» Data under study
:::::
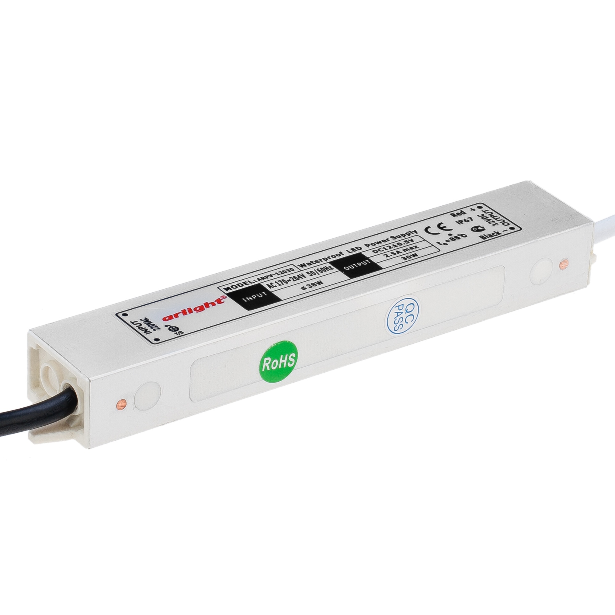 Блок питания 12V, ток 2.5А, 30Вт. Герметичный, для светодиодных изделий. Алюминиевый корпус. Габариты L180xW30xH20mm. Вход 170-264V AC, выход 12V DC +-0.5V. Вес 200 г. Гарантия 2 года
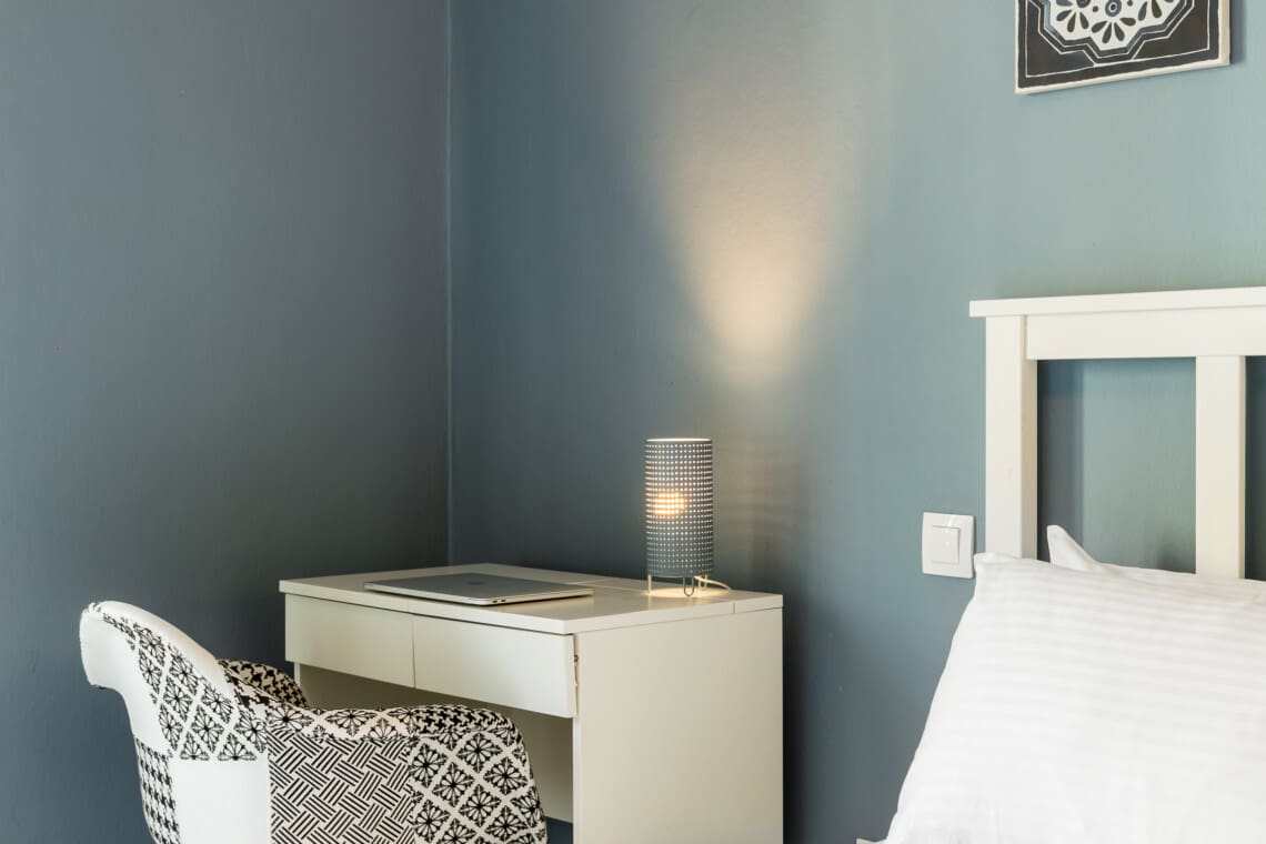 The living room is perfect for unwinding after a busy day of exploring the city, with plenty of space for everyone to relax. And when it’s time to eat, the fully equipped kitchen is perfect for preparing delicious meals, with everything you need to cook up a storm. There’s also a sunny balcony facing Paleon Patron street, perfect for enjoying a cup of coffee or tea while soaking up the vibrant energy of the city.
:::::
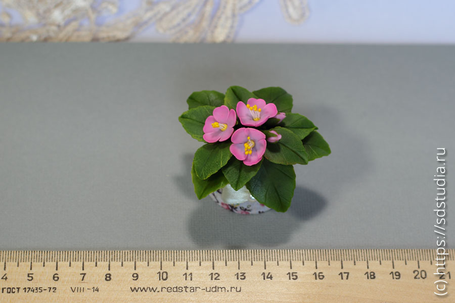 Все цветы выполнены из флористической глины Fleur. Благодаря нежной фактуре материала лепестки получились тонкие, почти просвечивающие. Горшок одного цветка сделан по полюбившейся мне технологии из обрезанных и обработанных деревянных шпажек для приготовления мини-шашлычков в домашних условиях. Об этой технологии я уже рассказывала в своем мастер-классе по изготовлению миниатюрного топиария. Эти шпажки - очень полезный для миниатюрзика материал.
:::::
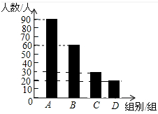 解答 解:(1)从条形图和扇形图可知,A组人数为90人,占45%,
:::::
» What is needed
Print, exactly and with no pictures, the lines of the listing above starting at the one that has "Блок питания 12V, ток" and ending at the one that has "The living room", both included.

» Solution
 Блок питания 12V, ток 2.5А, 30Вт. Герметичный, для светодиодных изделий. Алюминиевый корпус. Габариты L180xW30xH20mm. Вход 170-264V AC, выход 12V DC +-0.5V. Вес 200 г. Гарантия 2 года
 The living room is perfect for unwinding after a busy day of exploring the city, with plenty of space for everyone to relax. And when it’s time to eat, the fully equipped kitchen is perfect for preparing delicious meals, with everything you need to cook up a storm. There’s also a sunny balcony facing Paleon Patron street, perfect for enjoying a cup of coffee or tea while soaking up the vibrant energy of the city.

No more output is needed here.